REQUIRED WORK: If pictures appear in the lines below, skip them and copy exactly the lines from the one containing "صممت رسمية وعملية" through the one containing "红梅中心幼儿园始终把安全工作", and nothing else.

DATA LISTING:
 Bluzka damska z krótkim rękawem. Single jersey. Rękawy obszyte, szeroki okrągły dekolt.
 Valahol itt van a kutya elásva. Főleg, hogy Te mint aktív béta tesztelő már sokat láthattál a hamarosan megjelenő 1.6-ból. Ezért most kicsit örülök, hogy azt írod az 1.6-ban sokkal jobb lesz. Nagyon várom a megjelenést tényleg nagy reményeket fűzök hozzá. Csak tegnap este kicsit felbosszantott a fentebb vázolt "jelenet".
---
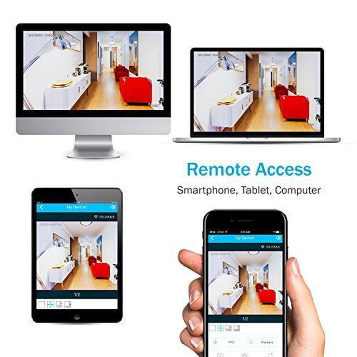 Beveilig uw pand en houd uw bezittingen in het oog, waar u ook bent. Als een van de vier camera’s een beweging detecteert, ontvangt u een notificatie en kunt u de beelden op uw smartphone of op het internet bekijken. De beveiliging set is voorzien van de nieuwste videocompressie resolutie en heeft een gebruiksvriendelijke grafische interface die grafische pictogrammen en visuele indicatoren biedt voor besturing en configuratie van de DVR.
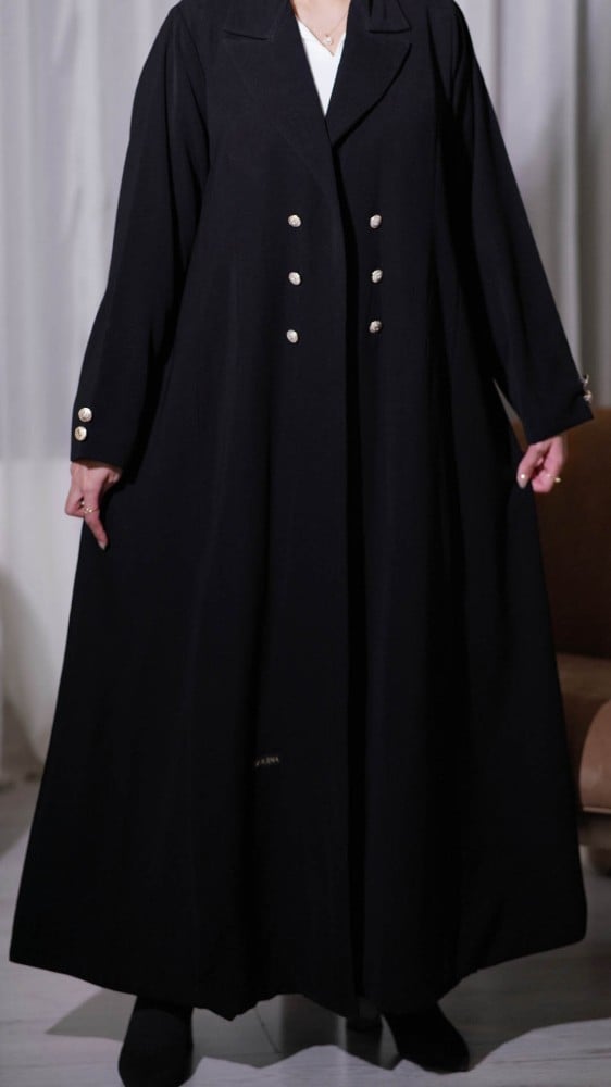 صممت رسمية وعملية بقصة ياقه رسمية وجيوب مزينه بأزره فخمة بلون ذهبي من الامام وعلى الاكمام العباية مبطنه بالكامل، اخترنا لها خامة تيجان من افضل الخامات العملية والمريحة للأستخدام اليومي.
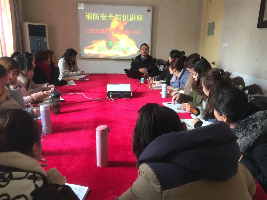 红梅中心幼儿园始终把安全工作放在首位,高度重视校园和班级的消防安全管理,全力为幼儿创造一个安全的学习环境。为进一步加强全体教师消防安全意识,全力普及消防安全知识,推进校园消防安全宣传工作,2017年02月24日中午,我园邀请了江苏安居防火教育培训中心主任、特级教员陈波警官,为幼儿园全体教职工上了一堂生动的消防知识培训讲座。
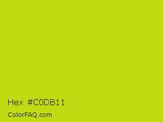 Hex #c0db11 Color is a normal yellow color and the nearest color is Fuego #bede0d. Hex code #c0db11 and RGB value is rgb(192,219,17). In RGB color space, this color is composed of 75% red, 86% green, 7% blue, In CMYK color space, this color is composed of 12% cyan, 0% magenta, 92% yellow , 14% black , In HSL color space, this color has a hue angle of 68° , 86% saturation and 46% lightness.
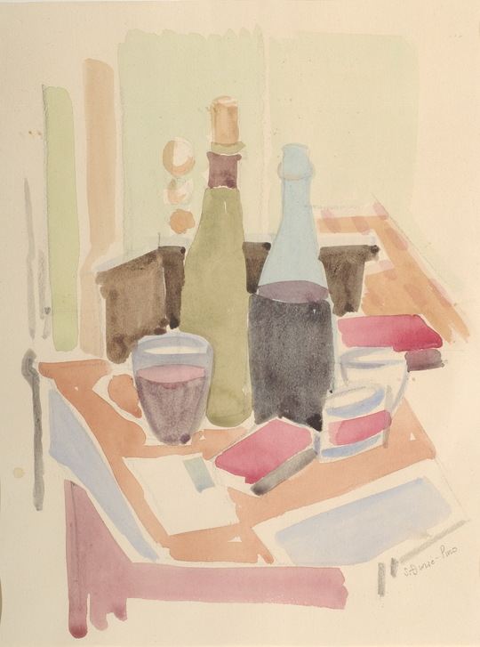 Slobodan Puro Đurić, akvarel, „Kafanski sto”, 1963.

RESPONSE AREA:
 صممت رسمية وعملية بقصة ياقه رسمية وجيوب مزينه بأزره فخمة بلون ذهبي من الامام وعلى الاكمام العباية مبطنه بالكامل، اخترنا لها خامة تيجان من افضل الخامات العملية والمريحة للأستخدام اليومي.
 红梅中心幼儿园始终把安全工作放在首位,高度重视校园和班级的消防安全管理,全力为幼儿创造一个安全的学习环境。为进一步加强全体教师消防安全意识,全力普及消防安全知识,推进校园消防安全宣传工作,2017年02月24日中午,我园邀请了江苏安居防火教育培训中心主任、特级教员陈波警官,为幼儿园全体教职工上了一堂生动的消防知识培训讲座。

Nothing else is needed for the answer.